Blockchain mining: how it works

In early January, the Chinese government ordered the “army of bitcoin miners” of the country, which generate 3/4 of the entire world cryptocurrency, to stop working. One of the main reasons for this decision was the too high amount of energy consumed by mining farms - now securing Bitcoin blockchain and coin mining takes about 0.2% of all global energy consumption.

Today we’ll talk about why mining consumes such an amount of energy, why it is needed and how it is sold. We will talk about the hashing algorithm (SHA-256) and why miners “ask for help” from the pools. / image Cindy Shebley CC

What is mining for?

Mining is often considered a way to create new bitcoins, but this is not entirely true. The main task of mining is to ensure consensus is reached on which transactions are considered valid in order to prevent one of the network participants from spending coins already used in another transaction.

To do this, miners solve complex mathematical problems on their equipment and consume electricity, and in return receive a reward in the form of bitcoins (and transaction processing fees), which is an incentive to protect the blockchain further (now the network issues 12.5 bitcoins for each block ).

What is the work of miners

Miners are engaged in the fact that they select a hash value that would be suitable for transactions in the block and allow to obtain a secret key. The desired hash is formed on the basis of the hash of the previous block, a random number (nonce) and the sum of transaction hashes over the past 10 minutes. Moreover, it must satisfy the conditions of the system: correspond to the declared mining complexity (Difficulty) and be less than the target complexity (Target) - it determines the number of zero bits at the beginning of the desired hash.

To calculate the complexity of the hash, you can use the algorithm with expansion into a modified Taylor series, which is given on the bitcoinwiki page :

``````#include
#include
inline float fast_log(float val)
{
int * const exp_ptr = reinterpret_cast (&val);
int x = *exp_ptr;
const int log_2 = ((x >> 23) & 255) - 128;
x &= ~(255 << 23);
x += 127 << 23;
*exp_ptr = x;
val = ((-1.0f/3) * val + 2) * val - 2.0f/3;
return ((val + log_2) * 0.69314718f);
}
float difficulty(unsigned int bits)
{
static double max_body = fast_log(0x00ffff), scaland = fast_log(256);
return exp(max_body - fast_log(bits & 0x00ffffff) + scaland * (0x1d - ((bits & 0xff000000) >> 24)));
}
int main()
{
std::cout << difficulty(0x1b0404cb) << std::endl;
return 0;
}
``````

At the time of writing, the complexity of the blockchain network is : 2874674234415.941, however, this parameter is recalculated every 2016 blocks. It increases or decreases to maintain the average block creation speed (approximately 6 pieces per hour).

SHA-256

The SHA-256 algorithm is chosen as a tool for hashing in the bitcoin blockchain. Next, we will look at one of his rounds.

/ Round SHA-256 for eight input words / Wikimedia / kockmeyer / CC

Suppose that eight words are input to the algorithm, denote them A, B, C ... H. The function Ma performs bitwise operations with the words A, B and C - if most received values ​​of zeros, it will also return zero, otherwise - one.

Block Σ0 shifts the word A three times: by 2, 13, and 22 bits, and the generated values ​​are added up bit by bit with the operation xor. Block Σ1 works similarly - shifts are performed on 6, 11 and 25 bits.

Block Ch is a function to select the resulting bit based on the bits in E. If the input value is one, then the corresponding bit of the word F will be output, otherwise, the bit of the word G.

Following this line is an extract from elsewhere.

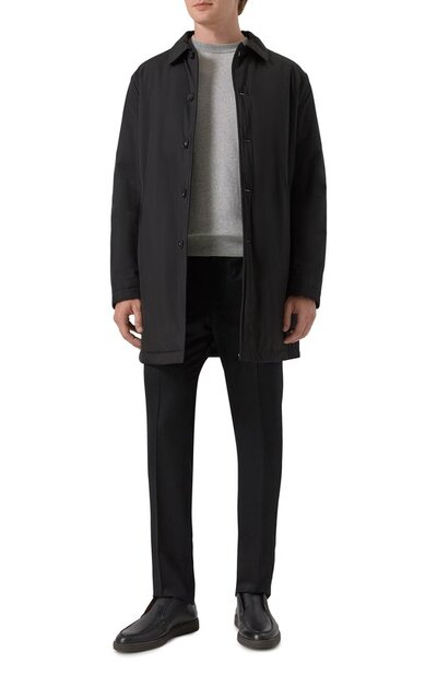 Для пошива плаща прямого кроя использовали полиэстер, из которого выполнили и подкладку изделия. Модель с двумя боковыми карманами застегивается пуговицами в тон.

The red squares in the diagram are 32-bit addition blocks that generate new values ​​for A and E. The whole cycle is repeated 64 times, after which the information is securely encrypted.

To illustrate the hash calculation process, here is a Python code that generates a hash of the words “Bl0Ckchain” and “blockchain”:

``````import itertools
from hashlib import sha256
# Представляем входные данные в порядке от младшего к старшему
to_long = lambda x: sum(ord(b) << (8*i) for i, b in enumerate(x))
# На практике обычно используется двоичное представление nonce фиксированной длины;
# строки здесь - для большей наглядности. При использовании строк
# разделитель (":") обязателен, иначе PoW можно использовать
# повторно.
combine = lambda nonce, msg: str(nonce) + ":" + msg
def verify_pow(msg, nonce, difficulty):
h = sha256(combine(nonce, msg)).digest()
def create_pow(msg, difficulty):
for nonce in itertools.count(0):
if verify_pow(msg, nonce, difficulty): return nonce
def print_pow(msg, nonce):
print combine(nonce, msg), sha256(combine(nonce, msg)).hexdigest()
#----------------------------------------------------
msg = "Bl0Ckchain"
nonce = create_pow(msg, 16)
print_pow(msg, nonce)
# 6571:Bl0Ckchain 0000d087d242930aaf6ac5a790ae8d8ece6b502cdb70ba07c1168738b253d279
assert verify_pow(msg, nonce, 16)
msg = "blockchain"
nonce = create_pow(msg, 16)
print_pow(msg, nonce)
# 43952:blockchain 000027b5022f88d2da21bd2802268966050f5a0b031058ce4562939c13727303
assert verify_pow(msg, nonce, 16)
# Количество проделанной работы лишь статически близко к (1 << difficulty),
# для конкретных сообщений возможны отклонения
msg = "Bl0Ckchain"
nonce = create_pow(msg, 16)
print_pow(msg, nonce)
# 6571:Bl0Ckchain 0000d087d242930aaf6ac5a790ae8d8ece6b502cdb70ba07c1168738b253d279
assert verify_pow(msg, nonce, 16)
``````

But checking the created hashes is very fast, even if it took a lot of resources to create them:

``````msg = "blockchain"
nonce = 5263268363
print_pow(msg, nonce)
# 5263268363:blockchain 000000007cf39dfc8fccae534b39b5f362c16891abca02d0e7b1dbd5a129ee17
assert verify_pow(msg, nonce, 32)
``````

The result of applying the SHA-256 function is considered to be irreversible, so the miners select the “target” hash using brute force.

Since the Bitcoin protocol uses double hashing, the task of miners is to find the second inverse image of the hash x '(having the first inverse image x of the hash y, where y = H (x)), which would satisfy the condition y = H (x'). However, in order to simplify the task, miners are only looking for a partial prototype - H (x) / 2 ^ (nk) = 0. Here n is the “size” of the result (n = 256 bits for SHA256), and k is the factor responsible for the number of zeros in the resulting hash. For example, k = 20 will require about one million attempts.

Thus, miners change the nonce parameter in the block header and consider the hash until the complexity conditions are met. When the goal is reached, the block is added to the chain.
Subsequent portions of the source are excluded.